Tanaka Marenao, Akiyama Yukinori, Mori Kazuma, Hosaka Itaru, Endo Keisuke, Ogawa Toshifumi, Sato Tatsuya, Suzuki Toru, Yano Toshiyuki, Ohnishi Hirofumi, Hanawa Nagisa, Furuhashi Masato
Department of Cardiovascular, Renal and Metabolic Medicine, Sapporo Medical University School of Medicine, Sapporo, Japan.
Tanaka Medical Clinic, Yoichi, Japan.
Clin Exp Hypertens. 2025 Dec;47(1):2449613. doi: 10.1080/10641963.2025.2449613. Epub 2025 Jan 8.
Sufficient attention has not been given to machine learning (ML) models using longitudinal data for investigating important predictors of new onset of hypertension. We investigated the predictive ability of several ML models for the development of hypertension.
A total of 15 965 Japanese participants (men/women: 9,466/6,499, mean age: 45 years) who received annual health examinations were randomly divided into a training group (70%, = 11,175) and a test group (30%, = 4,790). The predictive abilities of 58 candidates including fatty liver index (FLI), which is calculated by using body mass index, waist circumference and levels of γ-glutamyl transferase and triglycerides, were investigated by statistics analogous to the area under the curve (AUC) in receiver operating characteristic curve analyses using ML models including logistic regression, random forest, naïve Bayes, extreme gradient boosting and artificial neural network.

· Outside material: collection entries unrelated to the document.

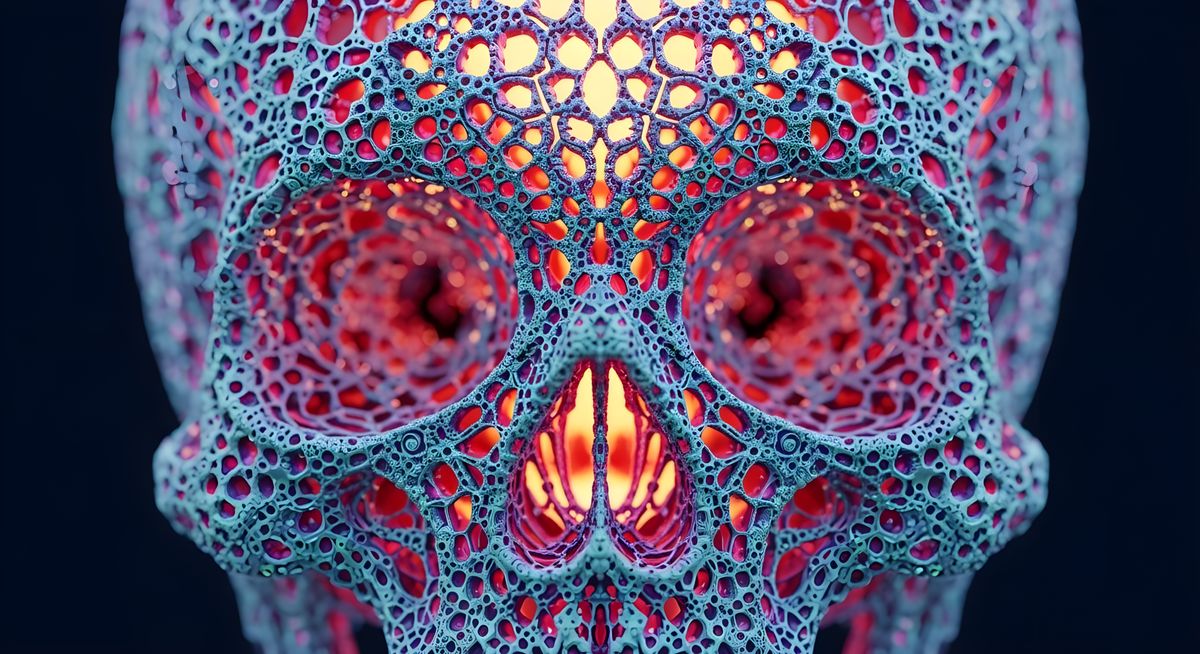 A detailed 3D scientific illustration of a vibrant neon skull, featuring depth of field and volumetric lighting. This maximalist photoillustration is intricately composed with elegant, expansive detail.
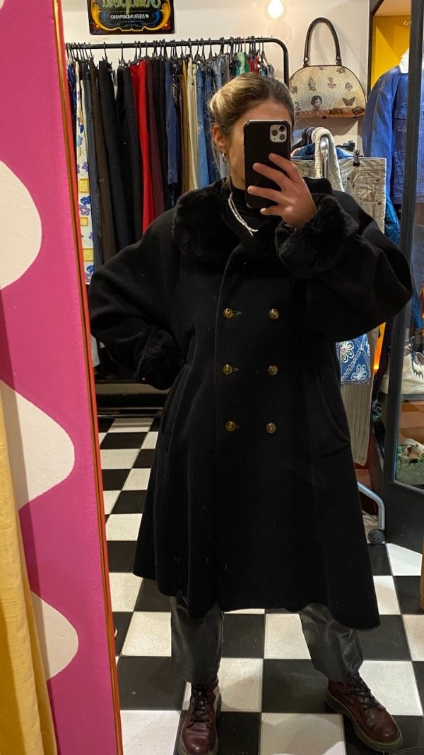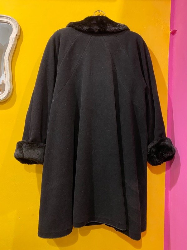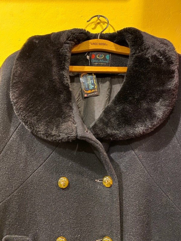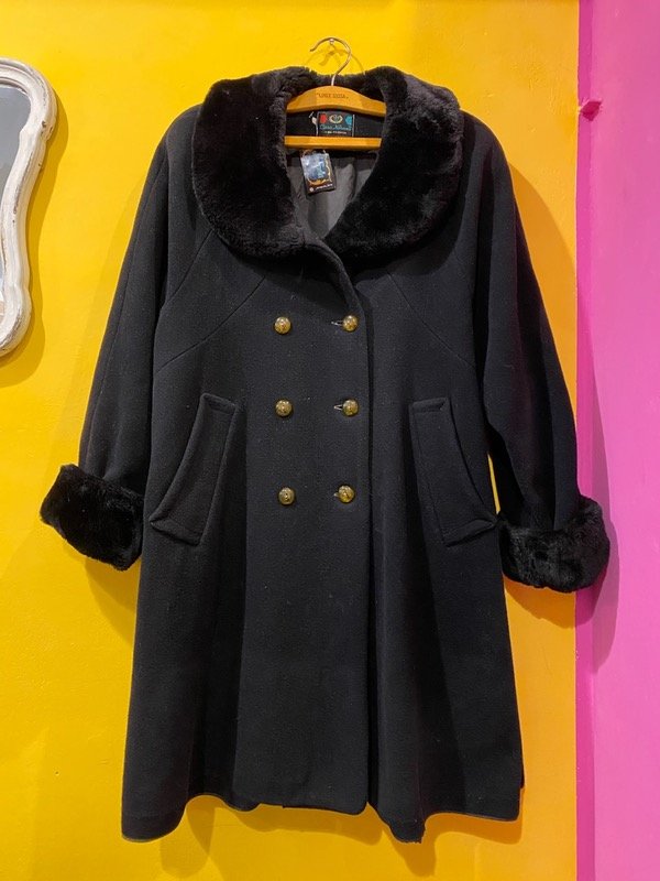 Tapado de paño vintage con cuello y puños de piel sintética, la calidad del paño es increíble (lana y cashmere) mega abrigado y no tan pesado, corte evasé, manga rangla q sale del hombro, forrado, con bolsillos interno y externos, cierre cruzado con bellos botones, talle 3 según etiqueta, queda lindo igualmente para usar Oversize
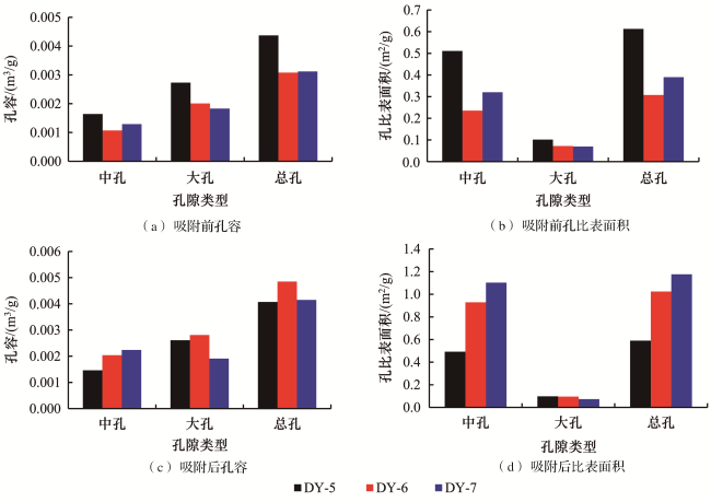 2.2 甲烷等温吸附前后煤岩孔隙结构特征
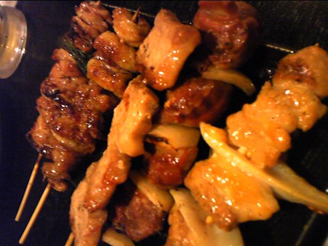 焼き鳥、ユッケ、をツマミにビールが進みます。
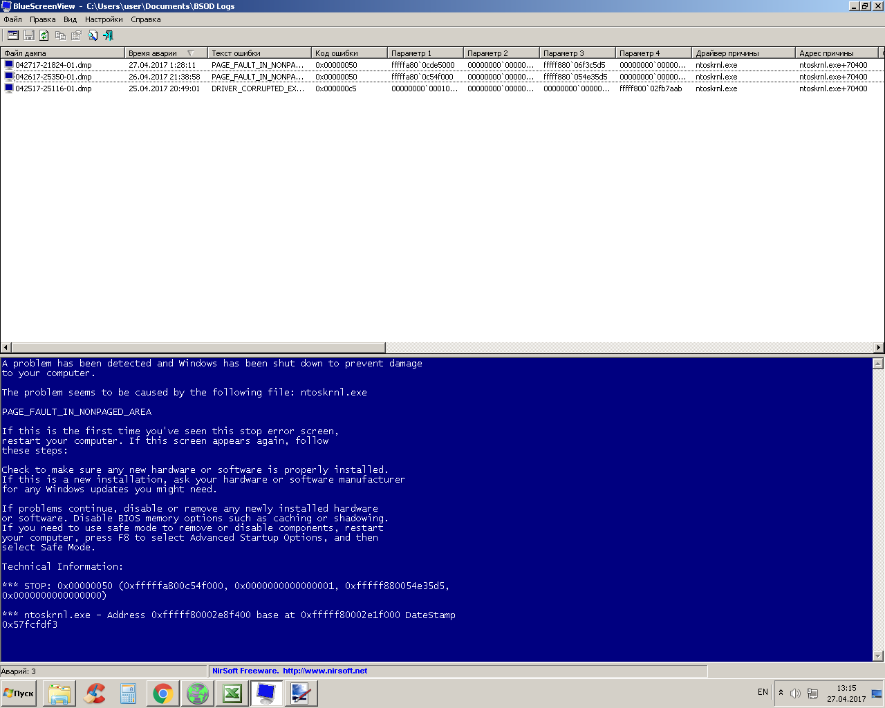 Имеется x64 система с Windows 7 на ней, крайне аккуратно и бережная на ней же автозагрузка (за ней и прочим софтом я очень пристально слежу, не допуская появления всякого ненужного), несколько игр и всякого разного. Самой системе около года (может больше чутка). Сколько я на этом компьютере не работал - НИКОГДА не видел Синих Экранов, а тут 3 раза за 2 дня выпал. Причем - не по самой ясной причине. В первый раз я запустил комп, поиграл немного, затем открыл Хром, врубил видео, а на фоне конвертировались видео для телефона, сам я отошел. Вернувшись и усевшись, спустя пару минут вылез Синий Экран (в дальнейшем просто "СЭ"). Не особо успел заметить код ошибки, но было что-то про .sys какой-то файл. Я давай сразу sfc /scannow запускать - ничего не нашел. Причем, шо странно - в последующий СЭ я не видел ничего про .sys. Показаться могло, но вряд ли, я четко помню, вроде. Диск на ошибки поставил проверяться - ничего. Ладно, думаю, бывает. С температурами железа все окей, как и со всем остальным. Вчера, даже ведь не сразу, а через часа 3-4, после игр, фильма, серфинга, верстки книги в InDesign - он снова выдал синьку и ушел в перезагрузку. С использованием памяти, нагрузкой на цп - все было ок. 3-й раз он выдал синьку тоже через пару часов после всяких разных действий. Скачав после 3-го СЭ bluescreenview я заметил, что между 1-м и 2-3-ми СЭ-шками есть разница: 1-й код (0x000000c5) ругался на "DRIVER_CORRUPTED_EXPOOL", а 2-й и 3-й код (0x00000050) ругались на "PAGE_FAULT_IN_NONPAGED_AREA", причем все 3 ошибки ссылаются на файл "ntoskrnl.exe". Я, конечно, немного почитал всякого разного и вечером буду проверять оперативку с жестким диском, а затем попробую с установочной флешки этот самый файл восстановить, но... Если кто-то сталкивался с чем-то подобным и знает, как эту нечисть обратить себе во благо - буду крайне благодарен! |

During a 10-year period (mean period: 6.1 years), 2,132 subjects (19.1%) in the training group and 917 subjects (19.1%) in the test group had new onset of hypertension. Among the 58 parameters, systolic blood pressure, age and FLI were identified as important candidates by random forest feature selection with 10-fold cross-validation. The AUCs of ML models were 0.765-0.825, and discriminatory capacity was significantly improved in the artificial neural network model compared to that in the logistic regression model.
The development of hypertension can be simply and accurately predicted by each ML model using systolic blood pressure, age and FLI as selected features. By building multiple ML models, more practical prediction might be possible.
利用纵向数据研究高血压新发重要预测因素的机器学习(ML)模型尚未得到充分关注。我们研究了几种ML模型对高血压发生的预测能力。
共有15965名接受年度健康检查的日本参与者(男性/女性:9466/6499,平均年龄:45岁)被随机分为训练组(70%,n = 11175)和测试组(30%,n = 4790)。通过使用包括逻辑回归、随机森林、朴素贝叶斯、极端梯度提升和人工神经网络在内的ML模型,在受试者工作特征曲线分析中,采用类似于曲线下面积(AUC)的统计方法,研究了58个候选指标的预测能力,其中包括通过体重指数、腰围以及γ-谷氨酰转移酶和甘油三酯水平计算得出的脂肪肝指数(FLI)。
在10年期间(平均时长:6.1年),训练组中有2132名受试者(19.1%)、测试组中有917名受试者(19.1%)出现了高血压新发情况。在这58个参数中,收缩压、年龄和FLI通过10倍交叉验证的随机森林特征选择被确定为重要候选指标。ML模型的AUC为0.765 - 0.825,与逻辑回归模型相比,人工神经网络模型的鉴别能力有显著提高。
使用收缩压、年龄和FLI作为选定特征的每个ML模型都可以简单准确地预测高血压的发生。通过构建多个ML模型,可能实现更实际的预测。